- _About this task_:
When you reach the line below that has "日照 | 積雪 | 降雪 |", start returning lines exactly, and stop after the line that has "The modern kitchen"; skip the pictures.
─── Information given ───
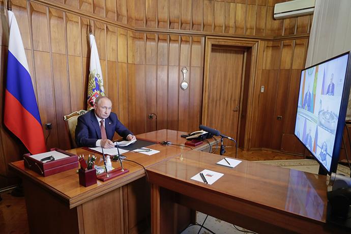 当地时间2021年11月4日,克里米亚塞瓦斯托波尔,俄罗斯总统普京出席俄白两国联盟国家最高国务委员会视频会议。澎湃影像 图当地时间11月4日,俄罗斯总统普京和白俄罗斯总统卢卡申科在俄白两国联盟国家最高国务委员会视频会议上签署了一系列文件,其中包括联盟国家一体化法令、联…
───
─── Information given ───
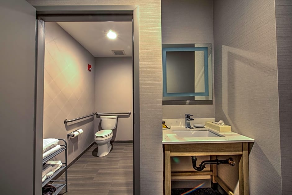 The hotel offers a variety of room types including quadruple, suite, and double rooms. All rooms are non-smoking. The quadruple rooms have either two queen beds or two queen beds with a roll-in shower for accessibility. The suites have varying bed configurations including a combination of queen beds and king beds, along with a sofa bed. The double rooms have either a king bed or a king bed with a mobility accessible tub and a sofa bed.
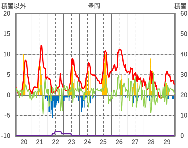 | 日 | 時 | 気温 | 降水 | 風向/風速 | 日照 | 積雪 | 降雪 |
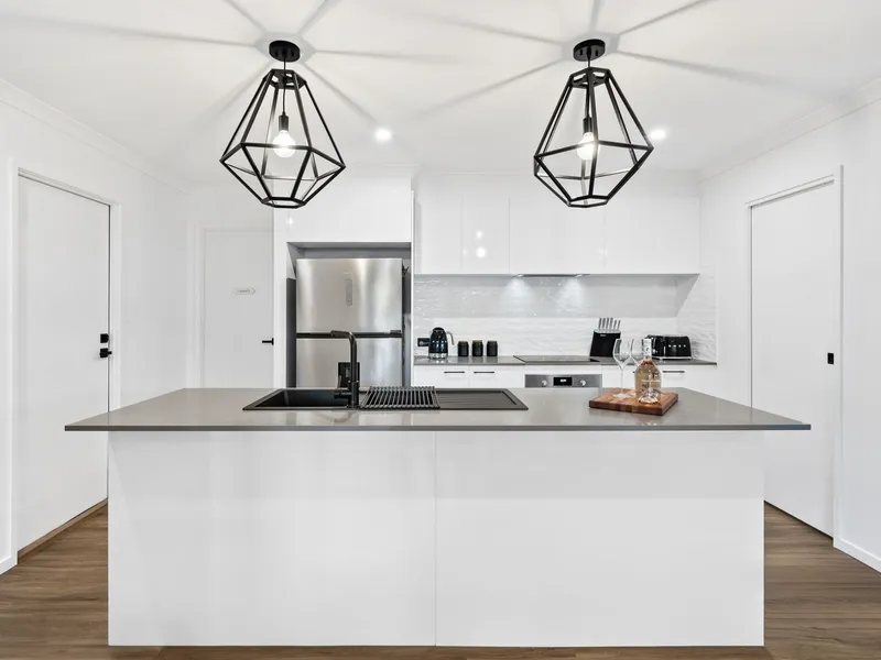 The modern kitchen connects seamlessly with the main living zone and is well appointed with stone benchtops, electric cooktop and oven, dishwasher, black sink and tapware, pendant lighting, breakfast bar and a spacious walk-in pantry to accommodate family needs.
───
- _Answer section_:
 | 日 | 時 | 気温 | 降水 | 風向/風速 | 日照 | 積雪 | 降雪 |
 The modern kitchen connects seamlessly with the main living zone and is well appointed with stone benchtops, electric cooktop and oven, dishwasher, black sink and tapware, pendant lighting, breakfast bar and a spacious walk-in pantry to accommodate family needs.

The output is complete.